### PROBLEM STATEMENT
The answer must repeat every record exactly, with no pictures in it.

Stored entries
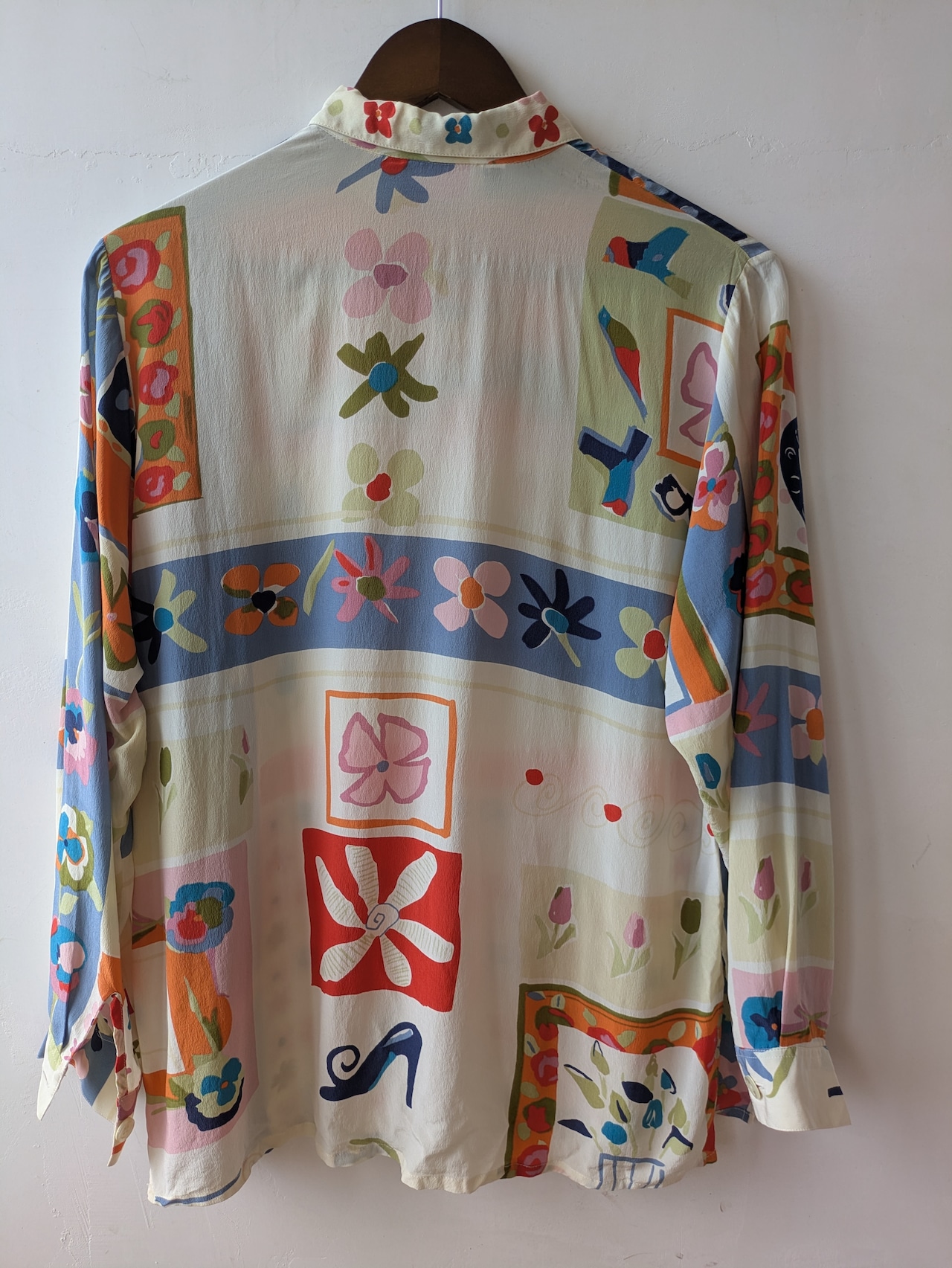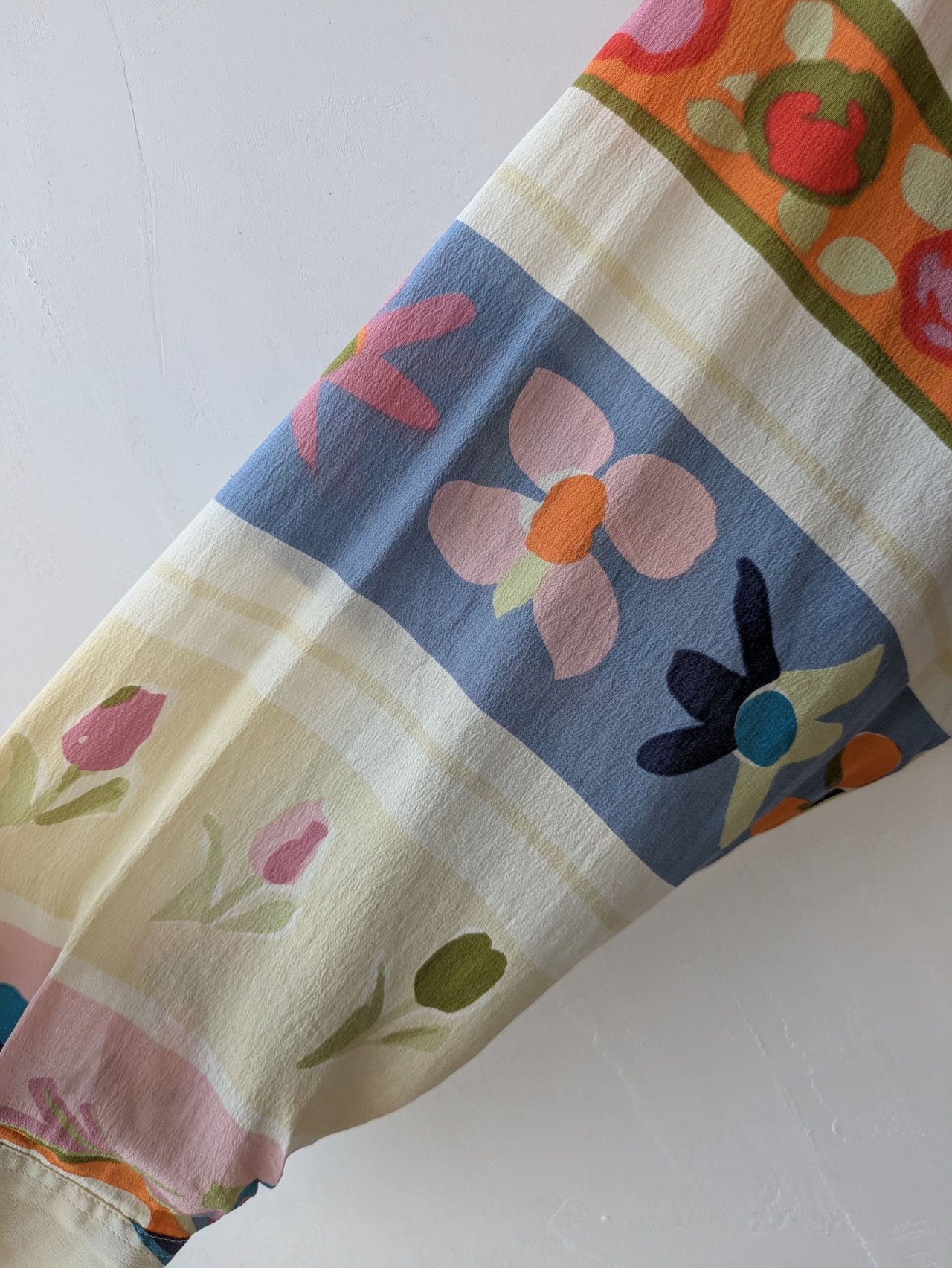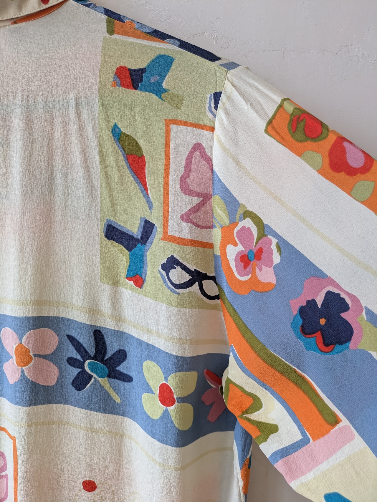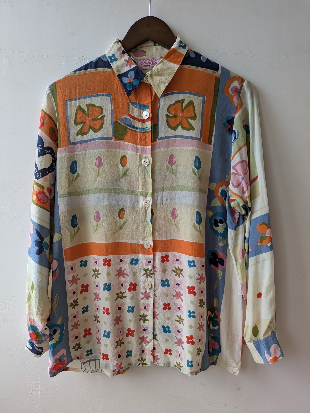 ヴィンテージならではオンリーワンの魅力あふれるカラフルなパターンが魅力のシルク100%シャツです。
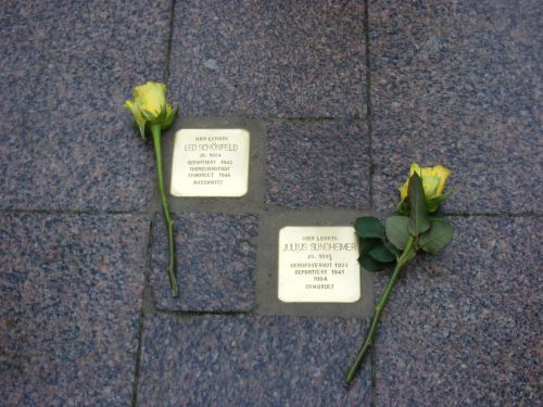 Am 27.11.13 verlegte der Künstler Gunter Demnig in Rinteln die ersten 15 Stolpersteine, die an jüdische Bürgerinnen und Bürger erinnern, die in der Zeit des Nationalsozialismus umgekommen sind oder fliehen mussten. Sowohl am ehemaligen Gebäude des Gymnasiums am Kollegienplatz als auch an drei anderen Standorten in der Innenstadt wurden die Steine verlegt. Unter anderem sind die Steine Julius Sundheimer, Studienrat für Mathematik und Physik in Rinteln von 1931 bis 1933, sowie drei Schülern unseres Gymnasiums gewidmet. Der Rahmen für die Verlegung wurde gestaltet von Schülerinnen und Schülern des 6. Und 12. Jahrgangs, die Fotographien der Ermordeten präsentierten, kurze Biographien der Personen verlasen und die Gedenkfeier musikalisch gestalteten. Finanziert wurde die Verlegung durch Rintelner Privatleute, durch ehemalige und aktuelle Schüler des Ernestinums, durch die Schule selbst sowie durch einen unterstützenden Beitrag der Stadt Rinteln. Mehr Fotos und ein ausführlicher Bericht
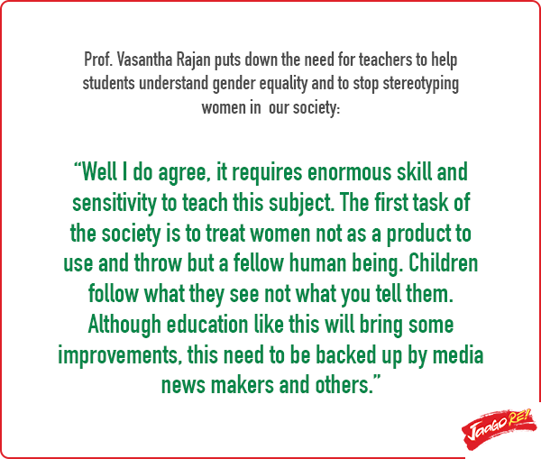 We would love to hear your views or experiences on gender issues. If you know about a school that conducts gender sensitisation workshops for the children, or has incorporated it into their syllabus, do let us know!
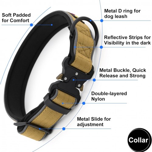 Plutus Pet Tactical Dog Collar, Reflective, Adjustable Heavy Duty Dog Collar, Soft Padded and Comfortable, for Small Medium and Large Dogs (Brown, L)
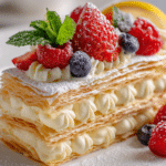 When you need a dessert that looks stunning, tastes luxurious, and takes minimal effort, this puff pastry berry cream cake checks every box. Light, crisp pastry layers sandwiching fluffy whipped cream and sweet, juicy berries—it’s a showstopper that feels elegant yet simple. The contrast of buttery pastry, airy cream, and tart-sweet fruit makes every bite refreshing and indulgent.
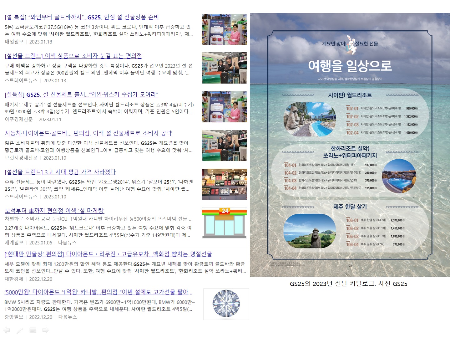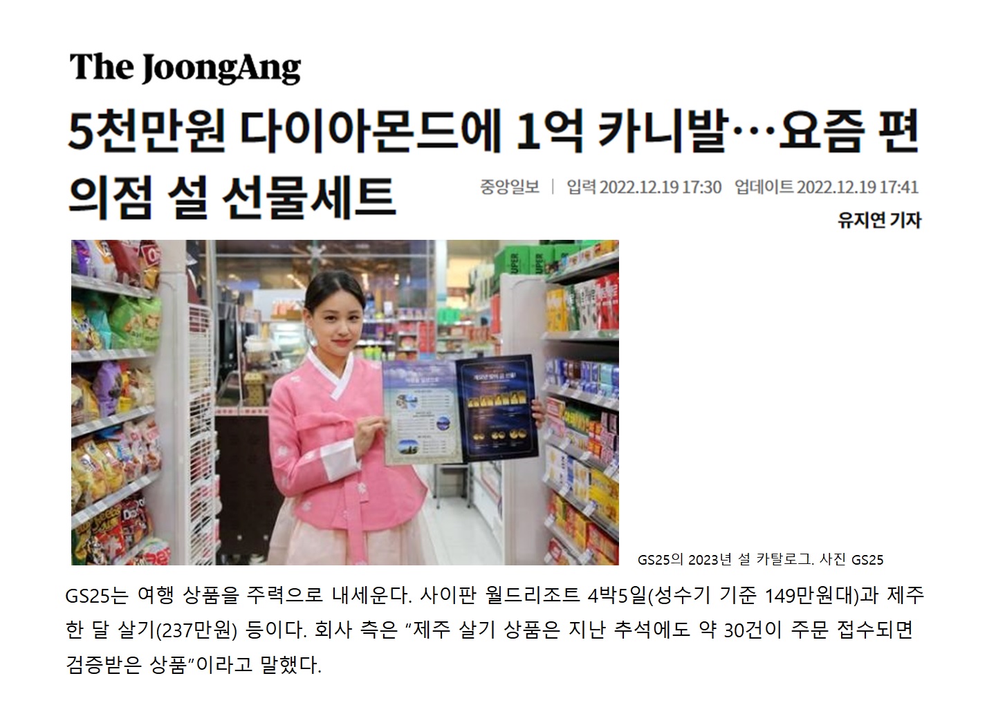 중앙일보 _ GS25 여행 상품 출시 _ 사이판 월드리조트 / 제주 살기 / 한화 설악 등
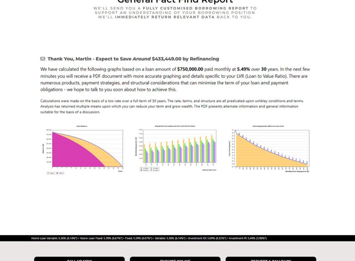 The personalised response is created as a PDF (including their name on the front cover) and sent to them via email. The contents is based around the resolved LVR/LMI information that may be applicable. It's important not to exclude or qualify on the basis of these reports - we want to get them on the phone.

### RESULT OF THIS TASK
 ヴィンテージならではオンリーワンの魅力あふれるカラフルなパターンが魅力のシルク100%シャツです。
 Am 27.11.13 verlegte der Künstler Gunter Demnig in Rinteln die ersten 15 Stolpersteine, die an jüdische Bürgerinnen und Bürger erinnern, die in der Zeit des Nationalsozialismus umgekommen sind oder fliehen mussten. Sowohl am ehemaligen Gebäude des Gymnasiums am Kollegienplatz als auch an drei anderen Standorten in der Innenstadt wurden die Steine verlegt. Unter anderem sind die Steine Julius Sundheimer, Studienrat für Mathematik und Physik in Rinteln von 1931 bis 1933, sowie drei Schülern unseres Gymnasiums gewidmet. Der Rahmen für die Verlegung wurde gestaltet von Schülerinnen und Schülern des 6. Und 12. Jahrgangs, die Fotographien der Ermordeten präsentierten, kurze Biographien der Personen verlasen und die Gedenkfeier musikalisch gestalteten. Finanziert wurde die Verlegung durch Rintelner Privatleute, durch ehemalige und aktuelle Schüler des Ernestinums, durch die Schule selbst sowie durch einen unterstützenden Beitrag der Stadt Rinteln. Mehr Fotos und ein ausführlicher Bericht
 We would love to hear your views or experiences on gender issues. If you know about a school that conducts gender sensitisation workshops for the children, or has incorporated it into their syllabus, do let us know!
 Plutus Pet Tactical Dog Collar, Reflective, Adjustable Heavy Duty Dog Collar, Soft Padded and Comfortable, for Small Medium and Large Dogs (Brown, L)
 When you need a dessert that looks stunning, tastes luxurious, and takes minimal effort, this puff pastry berry cream cake checks every box. Light, crisp pastry layers sandwiching fluffy whipped cream and sweet, juicy berries—it’s a showstopper that feels elegant yet simple. The contrast of buttery pastry, airy cream, and tart-sweet fruit makes every bite refreshing and indulgent.
 중앙일보 _ GS25 여행 상품 출시 _ 사이판 월드리조트 / 제주 살기 / 한화 설악 등
 The personalised response is created as a PDF (including their name on the front cover) and sent to them via email. The contents is based around the resolved LVR/LMI information that may be applicable. It's important not to exclude or qualify on the basis of these reports - we want to get them on the phone.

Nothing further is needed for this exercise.